Different Ways to Add Parentheses medium

Description

Given a string expression of numbers and operators, return all possible results from computing all the different possible ways to group numbers and operators. You may return the answer in any order.

The expression consists of integers and the operators +, -, *.

Examples

> Case 1:
    expression = "2-1-1"
    Output: [0, 2]
    Explanation:
        ((2 - 1) - 1) = 0
        (2 - (1 - 1)) = 2
 
> Case 2:
    expression = "2*3-4*5"
    Output: [-34, -14, -10, -10, 10]
    Explanation:
        (2*(3-(4*5))) = -34
        ((2*3)-(4*5)) = -14
        ((2*(3-4))*5) = -10
        (2*((3-4)*5)) = -10
        (((2*3)-4)*5) = 10

Constraints

  • 1 <= expression.length <= 20
  • Expression contains only digits and +, -, *.

State design

For each operator in the expression, you can think of it as the last operation to evaluate. That gives a D&C split:

  • Divide: for each operator at position i, split the expression into left = expr[:i] and right = expr[i+1:].
  • Conquer: recursively compute all possible values of left and right.
  • Combine: for every pair (a, b) with a from left’s results and b from right’s, compute a op b and add to the result.

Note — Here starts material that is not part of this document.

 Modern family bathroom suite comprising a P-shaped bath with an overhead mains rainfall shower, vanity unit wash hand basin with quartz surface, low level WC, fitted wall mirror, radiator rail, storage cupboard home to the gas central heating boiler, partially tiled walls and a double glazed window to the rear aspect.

The base case is an expression with no operators — just parse the integer.

Code

Why does this enumerate every parenthesization? Choosing which operator to evaluate last uniquely determines the outermost parenthesization. Once we fix that choice, the left side and right side are recursively decomposed the same way. The Catalan-number count of possible parenthesizations falls out naturally — there are C_n ways to fully parenthesize an expression with n + 1 operands.

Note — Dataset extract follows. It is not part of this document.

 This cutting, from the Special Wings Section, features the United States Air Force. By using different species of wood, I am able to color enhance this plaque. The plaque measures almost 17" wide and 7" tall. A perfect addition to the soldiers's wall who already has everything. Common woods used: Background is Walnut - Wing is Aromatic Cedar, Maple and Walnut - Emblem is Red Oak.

Memoization — optional but valuable

Different recursion paths re-evaluate the same sub-expressions (e.g., "2-1" appears as a sub-expression of many larger expressions). Caching results by sub-expression string drops the runtime considerably:

from functools import lru_cache
 
def diff_ways_to_compute(expr):
    @lru_cache(maxsize=None)
    def solve(s):
        res = []
        for i, c in enumerate(s):
            if c in "+-*":
                for a in solve(s[:i]):
                    for b in solve(s[i + 1:]):
                        if c == '+': res.append(a + b)
                        if c == '-': res.append(a - b)
                        if c == '*': res.append(a * b)
        if not res:
            res.append(int(s))
        return res
    return solve(expr)

This is the canonical “D&C with overlapping subproblems → memoize → it becomes top-down DP” pivot.

Analysis

  • Time: Without memo, O(C_n) where C_n is the n-th Catalan number — exponential in the number of operators. With memo, polynomial in expression length.
  • Space: Recursion depth proportional to expression length.

Same skin

  • Burst Balloons — D&C on which balloon to burst last in a range.
  • Unique BSTs II — D&C on which value is the root.
  • Boolean Parenthesization — count parenthesizations that evaluate to True.
  • Optimal Strategy Game / Stone Game — interval D&C / DP with two players.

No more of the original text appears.